> [Stored data]
----
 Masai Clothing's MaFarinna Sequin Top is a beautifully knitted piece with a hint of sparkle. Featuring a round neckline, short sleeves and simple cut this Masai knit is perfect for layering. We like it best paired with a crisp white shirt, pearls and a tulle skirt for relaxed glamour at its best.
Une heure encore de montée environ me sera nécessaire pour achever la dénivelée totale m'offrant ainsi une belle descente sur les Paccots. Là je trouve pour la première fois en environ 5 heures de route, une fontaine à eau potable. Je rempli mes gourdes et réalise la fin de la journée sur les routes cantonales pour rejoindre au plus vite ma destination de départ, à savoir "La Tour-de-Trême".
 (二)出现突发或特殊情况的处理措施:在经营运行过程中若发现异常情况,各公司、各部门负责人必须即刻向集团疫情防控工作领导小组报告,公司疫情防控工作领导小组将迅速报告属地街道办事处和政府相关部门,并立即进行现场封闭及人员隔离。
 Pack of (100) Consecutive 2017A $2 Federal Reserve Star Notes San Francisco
----
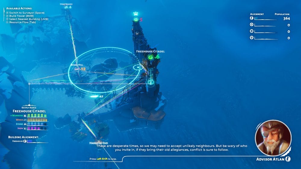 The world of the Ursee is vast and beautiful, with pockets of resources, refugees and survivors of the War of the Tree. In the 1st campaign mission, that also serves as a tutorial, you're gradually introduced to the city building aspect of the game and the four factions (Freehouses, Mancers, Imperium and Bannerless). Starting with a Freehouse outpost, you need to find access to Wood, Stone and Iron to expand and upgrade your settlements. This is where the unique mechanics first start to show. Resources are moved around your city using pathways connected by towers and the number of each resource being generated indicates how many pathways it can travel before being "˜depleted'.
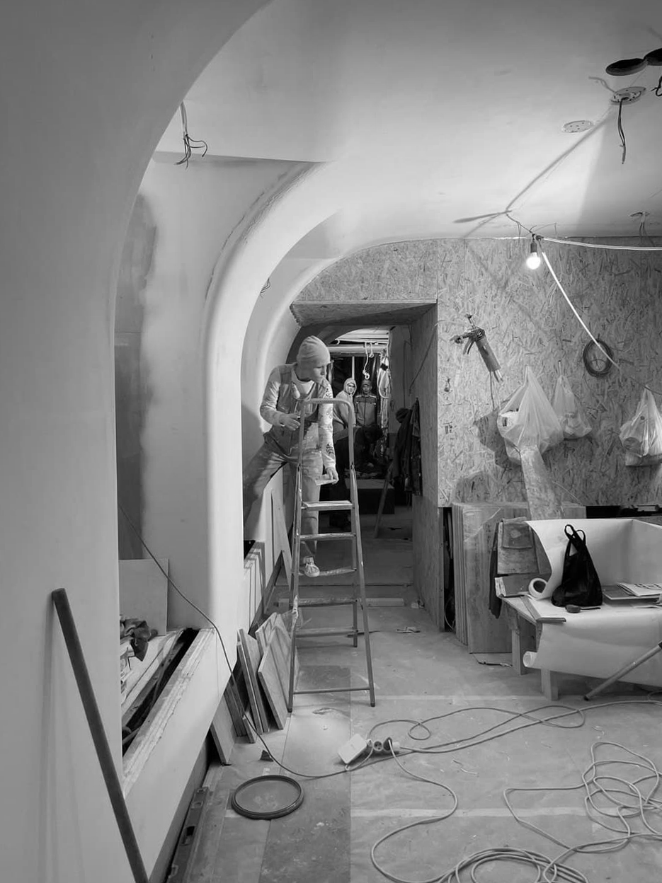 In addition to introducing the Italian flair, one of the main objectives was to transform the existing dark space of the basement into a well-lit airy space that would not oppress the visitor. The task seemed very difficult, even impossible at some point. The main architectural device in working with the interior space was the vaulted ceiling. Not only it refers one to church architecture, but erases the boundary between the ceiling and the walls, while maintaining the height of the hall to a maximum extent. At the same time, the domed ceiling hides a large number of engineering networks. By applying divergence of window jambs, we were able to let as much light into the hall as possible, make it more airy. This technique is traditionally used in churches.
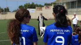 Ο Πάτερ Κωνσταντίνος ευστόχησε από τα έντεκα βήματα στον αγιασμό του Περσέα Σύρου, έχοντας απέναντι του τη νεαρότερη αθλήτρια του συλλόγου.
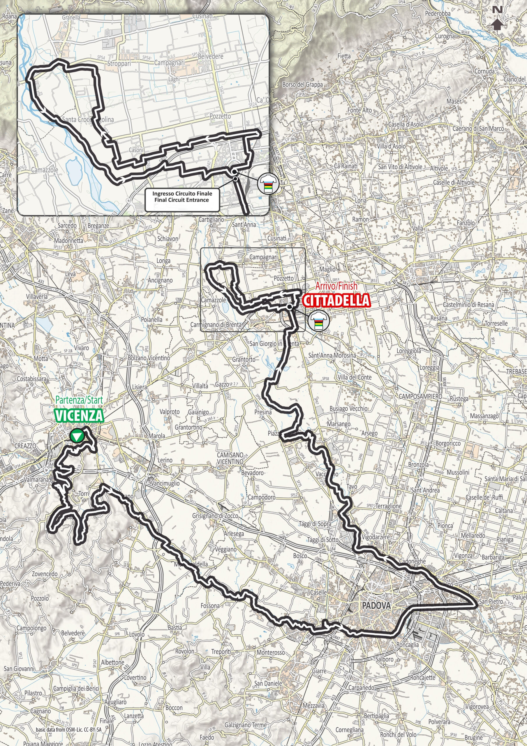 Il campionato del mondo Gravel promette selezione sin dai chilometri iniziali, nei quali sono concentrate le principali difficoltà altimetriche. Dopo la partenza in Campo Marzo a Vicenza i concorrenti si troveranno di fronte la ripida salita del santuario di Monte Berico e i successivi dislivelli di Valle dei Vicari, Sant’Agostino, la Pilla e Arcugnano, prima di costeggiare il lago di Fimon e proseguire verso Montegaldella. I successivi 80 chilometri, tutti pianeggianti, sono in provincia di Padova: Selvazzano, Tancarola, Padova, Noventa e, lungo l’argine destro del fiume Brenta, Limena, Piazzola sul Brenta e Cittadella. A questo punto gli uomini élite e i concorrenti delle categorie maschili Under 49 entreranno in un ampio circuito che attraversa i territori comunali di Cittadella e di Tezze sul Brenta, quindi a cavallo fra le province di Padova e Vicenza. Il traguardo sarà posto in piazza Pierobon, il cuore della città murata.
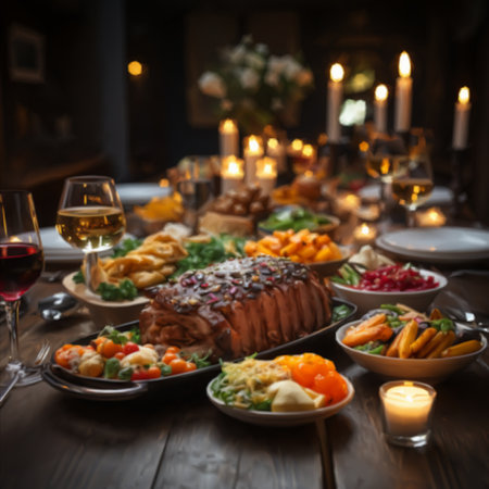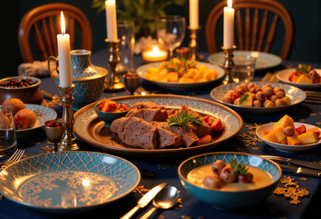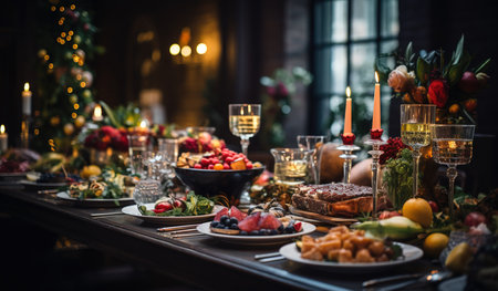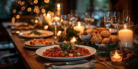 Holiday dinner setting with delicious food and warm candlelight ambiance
----
> [Exercise prompt] From the records above, copy exactly the stretch from the line holding "The world of" through the line holding "Ο Πάτερ Κωνσταντίνος", both ends included, without the pictures.

> [Written solution]
 The world of the Ursee is vast and beautiful, with pockets of resources, refugees and survivors of the War of the Tree. In the 1st campaign mission, that also serves as a tutorial, you're gradually introduced to the city building aspect of the game and the four factions (Freehouses, Mancers, Imperium and Bannerless). Starting with a Freehouse outpost, you need to find access to Wood, Stone and Iron to expand and upgrade your settlements. This is where the unique mechanics first start to show. Resources are moved around your city using pathways connected by towers and the number of each resource being generated indicates how many pathways it can travel before being "˜depleted'.
 In addition to introducing the Italian flair, one of the main objectives was to transform the existing dark space of the basement into a well-lit airy space that would not oppress the visitor. The task seemed very difficult, even impossible at some point. The main architectural device in working with the interior space was the vaulted ceiling. Not only it refers one to church architecture, but erases the boundary between the ceiling and the walls, while maintaining the height of the hall to a maximum extent. At the same time, the domed ceiling hides a large number of engineering networks. By applying divergence of window jambs, we were able to let as much light into the hall as possible, make it more airy. This technique is traditionally used in churches.
 Ο Πάτερ Κωνσταντίνος ευστόχησε από τα έντεκα βήματα στον αγιασμό του Περσέα Σύρου, έχοντας απέναντι του τη νεαρότερη αθλήτρια του συλλόγου.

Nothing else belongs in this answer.